**Task objective:** Starting with the first line of the listing, quote each line exactly until and including the one with "Wspominamy Witolda Strausa", leaving pictures out.

**Information supplied:**
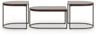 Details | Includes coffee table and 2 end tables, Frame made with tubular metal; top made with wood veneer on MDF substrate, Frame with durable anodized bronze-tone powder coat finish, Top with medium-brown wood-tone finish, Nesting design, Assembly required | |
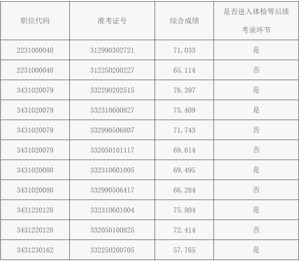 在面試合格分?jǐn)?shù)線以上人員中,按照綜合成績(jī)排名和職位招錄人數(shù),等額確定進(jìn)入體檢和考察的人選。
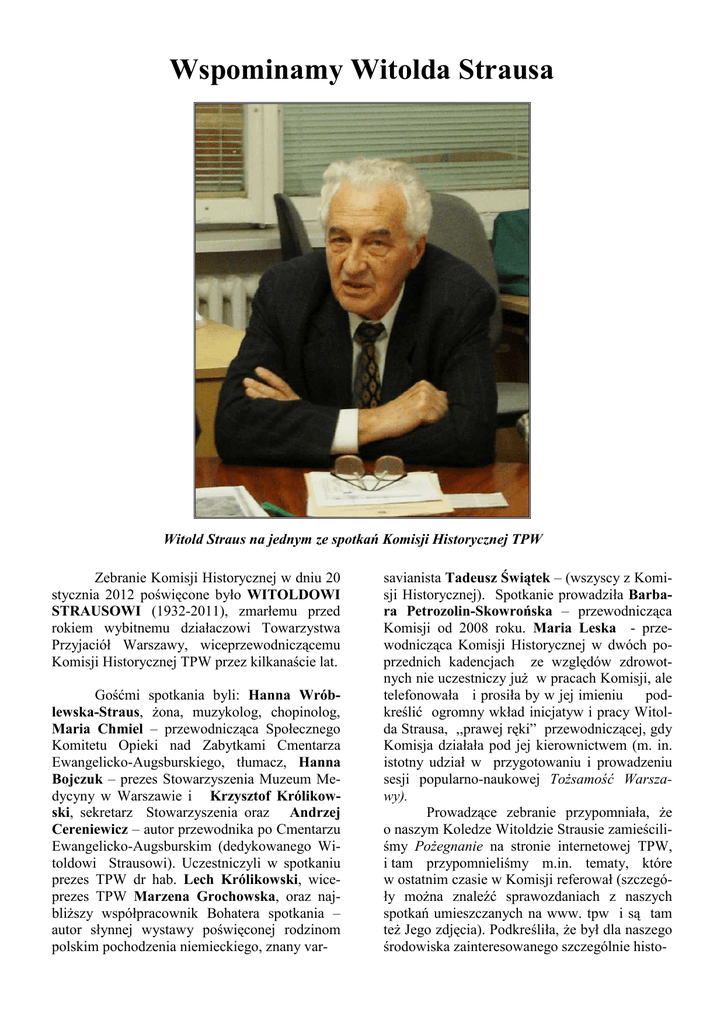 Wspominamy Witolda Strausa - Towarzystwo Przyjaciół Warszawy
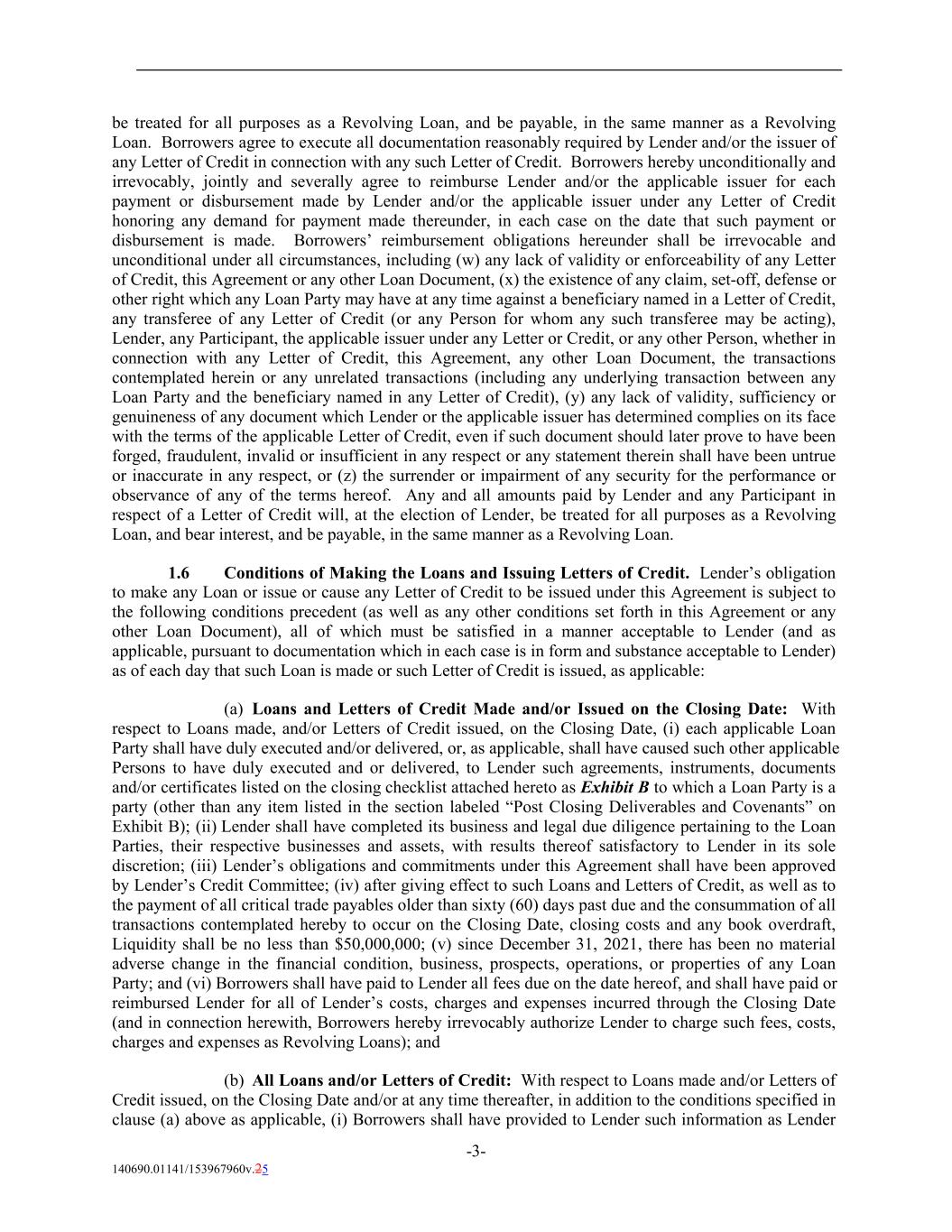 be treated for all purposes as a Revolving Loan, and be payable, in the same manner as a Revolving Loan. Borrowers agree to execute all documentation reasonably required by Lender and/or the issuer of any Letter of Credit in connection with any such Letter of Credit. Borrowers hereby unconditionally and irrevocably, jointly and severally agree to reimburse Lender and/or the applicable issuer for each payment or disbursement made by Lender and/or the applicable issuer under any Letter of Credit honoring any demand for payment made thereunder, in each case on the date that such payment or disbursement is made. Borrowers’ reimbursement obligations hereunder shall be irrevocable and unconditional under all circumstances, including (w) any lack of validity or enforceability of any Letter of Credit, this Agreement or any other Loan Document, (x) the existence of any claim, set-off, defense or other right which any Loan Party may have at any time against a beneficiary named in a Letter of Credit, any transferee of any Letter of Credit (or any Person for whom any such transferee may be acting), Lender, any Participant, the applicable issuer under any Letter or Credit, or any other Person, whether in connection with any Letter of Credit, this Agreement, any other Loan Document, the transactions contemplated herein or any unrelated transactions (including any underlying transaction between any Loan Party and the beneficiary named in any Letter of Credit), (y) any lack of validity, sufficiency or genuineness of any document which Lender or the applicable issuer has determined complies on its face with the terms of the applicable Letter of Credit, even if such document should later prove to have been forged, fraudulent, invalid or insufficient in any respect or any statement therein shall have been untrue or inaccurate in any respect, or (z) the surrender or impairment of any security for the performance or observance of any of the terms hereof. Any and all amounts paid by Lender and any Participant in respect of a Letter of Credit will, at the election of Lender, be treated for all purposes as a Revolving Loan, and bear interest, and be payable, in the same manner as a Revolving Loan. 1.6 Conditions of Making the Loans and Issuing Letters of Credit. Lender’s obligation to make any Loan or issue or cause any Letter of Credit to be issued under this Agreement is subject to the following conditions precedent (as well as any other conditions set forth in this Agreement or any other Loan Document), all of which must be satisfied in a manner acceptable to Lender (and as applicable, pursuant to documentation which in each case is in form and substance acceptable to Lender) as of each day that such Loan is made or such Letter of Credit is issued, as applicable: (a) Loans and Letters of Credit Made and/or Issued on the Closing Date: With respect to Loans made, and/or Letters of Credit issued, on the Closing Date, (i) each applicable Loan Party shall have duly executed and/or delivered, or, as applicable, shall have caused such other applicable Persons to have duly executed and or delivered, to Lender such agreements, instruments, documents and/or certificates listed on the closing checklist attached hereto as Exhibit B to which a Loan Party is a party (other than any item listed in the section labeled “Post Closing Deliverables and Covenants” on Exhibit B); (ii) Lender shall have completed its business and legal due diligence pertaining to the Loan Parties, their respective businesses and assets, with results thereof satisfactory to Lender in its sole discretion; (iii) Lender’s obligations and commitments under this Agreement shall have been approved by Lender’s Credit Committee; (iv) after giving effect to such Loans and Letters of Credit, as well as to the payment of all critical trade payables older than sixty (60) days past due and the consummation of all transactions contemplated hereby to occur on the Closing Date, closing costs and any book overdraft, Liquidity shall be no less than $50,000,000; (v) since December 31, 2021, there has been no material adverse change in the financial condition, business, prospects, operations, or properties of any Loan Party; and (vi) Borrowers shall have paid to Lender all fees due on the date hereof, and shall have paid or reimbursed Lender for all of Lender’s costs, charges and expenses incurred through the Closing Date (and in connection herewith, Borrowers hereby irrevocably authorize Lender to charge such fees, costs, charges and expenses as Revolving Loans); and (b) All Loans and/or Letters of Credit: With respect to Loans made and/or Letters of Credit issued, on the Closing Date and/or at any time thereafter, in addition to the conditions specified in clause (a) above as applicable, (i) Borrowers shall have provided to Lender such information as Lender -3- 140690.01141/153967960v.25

**Answer space:**
 Details | Includes coffee table and 2 end tables, Frame made with tubular metal; top made with wood veneer on MDF substrate, Frame with durable anodized bronze-tone powder coat finish, Top with medium-brown wood-tone finish, Nesting design, Assembly required | |
 在面試合格分?jǐn)?shù)線以上人員中,按照綜合成績(jī)排名和職位招錄人數(shù),等額確定進(jìn)入體檢和考察的人選。
 Wspominamy Witolda Strausa - Towarzystwo Przyjaciół Warszawy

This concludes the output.